For all of the discussion of the “new” urban renewal, there has not been sufficient discussion or understanding of the disproportionate impact of these processes on black neighborhoods and households. We need to reconsider the concept of “Negro Removal” – in the context of today and recent planning literature. It is an intentionally antiquated term for the disproportionate impact of federal urban renewal projects on African Americans between 1949 and 1974.

Displacement of African American households through planning, gentrification and redevelopment processes continues today in cities across the country. Here I re-conceptualize Negro Removal as a way to understand how African Americans are displaced from neighborhoods and cities taking into account a broader set of practices and policies beyond federally-funded urban renewal projects.

The Negro removal occurring in cities today includes what we typically think of as planning and policy impacts – urban redevelopment, eminent domain and housing demolition, but it also more broadly includes political economic practices that disproportionately impact African American households and neighborhoods, especially the hyper-gentrification of fast growing cities and the criminal justice policies of mass incarceration in places with weak economies and high unemployment.
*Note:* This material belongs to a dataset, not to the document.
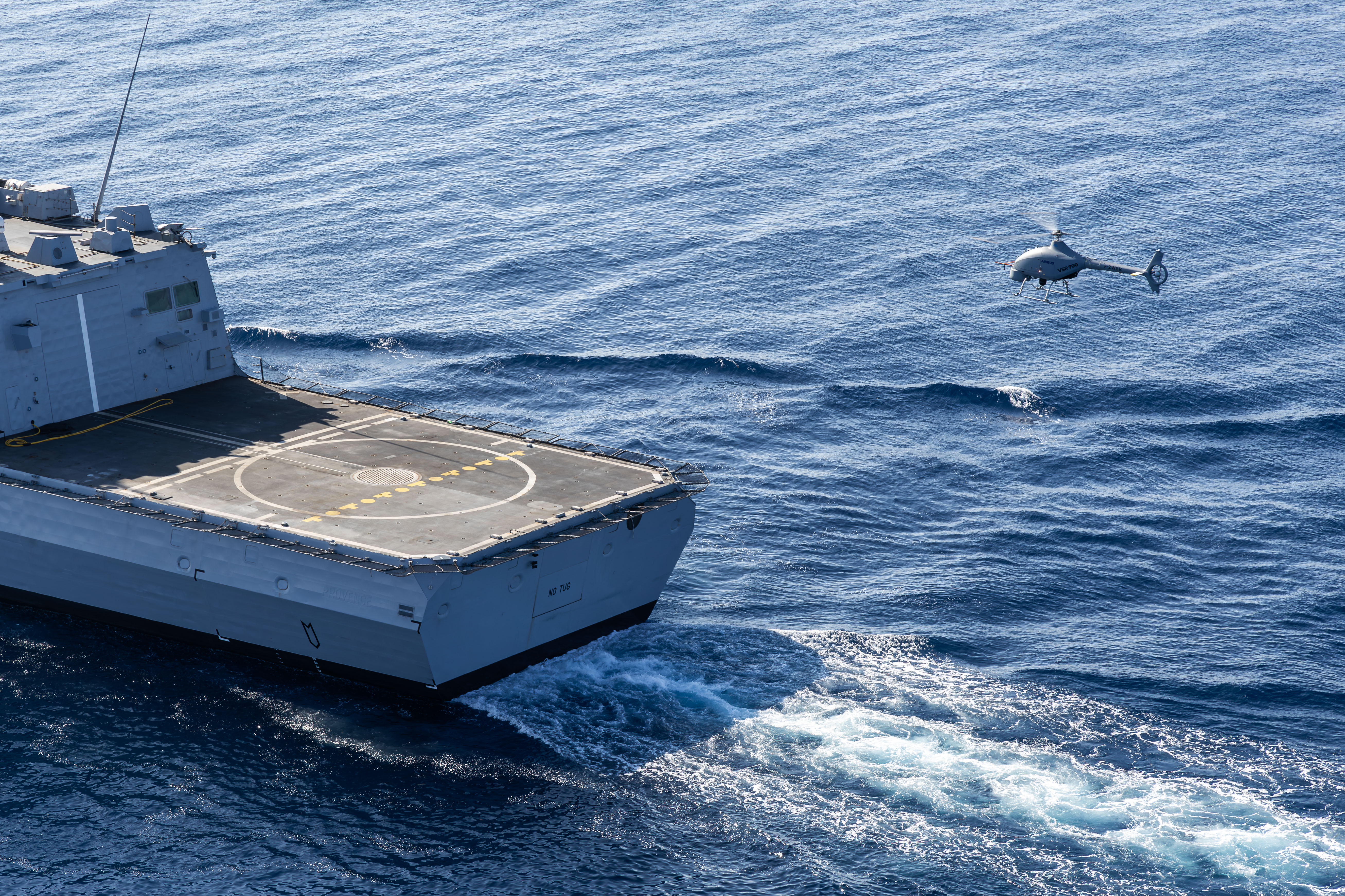 Marignane – Airbus Helicopters and Naval Group, in collaboration with the French Armament General Directorate, DGA (Direction génerale de l’armement), and the French Navy, have tested the SDAM demonstrator (Système de Drone Aérien Marine/ Naval Aerial Drone System) from a multi-mission frigate (FREMM). The trials took place on board the French Navy frigate, Provence, in the Mediterranean Sea between the 2nd and the 9th of October. The vessel had previously been adapted by Naval Group to operate the SDAM. These sea trials were arranged to demonstrate the system’s high performance from an operational warship and the SDAM’s capabilities for surveillance and intelligence missions.

Negro Removal is first and foremost a form of asset stripping. Clyde Woods’ concept of asset-stripping is invoked here to address the ways in which African American assets, including most importantly people, and local businesses, black history and heritage -- are removed from predominantly Black neighborhoods. Black history, for example, is removed from quickly gentrifying neighborhoods as place names are changed, buildings are torn down, and the connection between local history and the people who lived it is erased.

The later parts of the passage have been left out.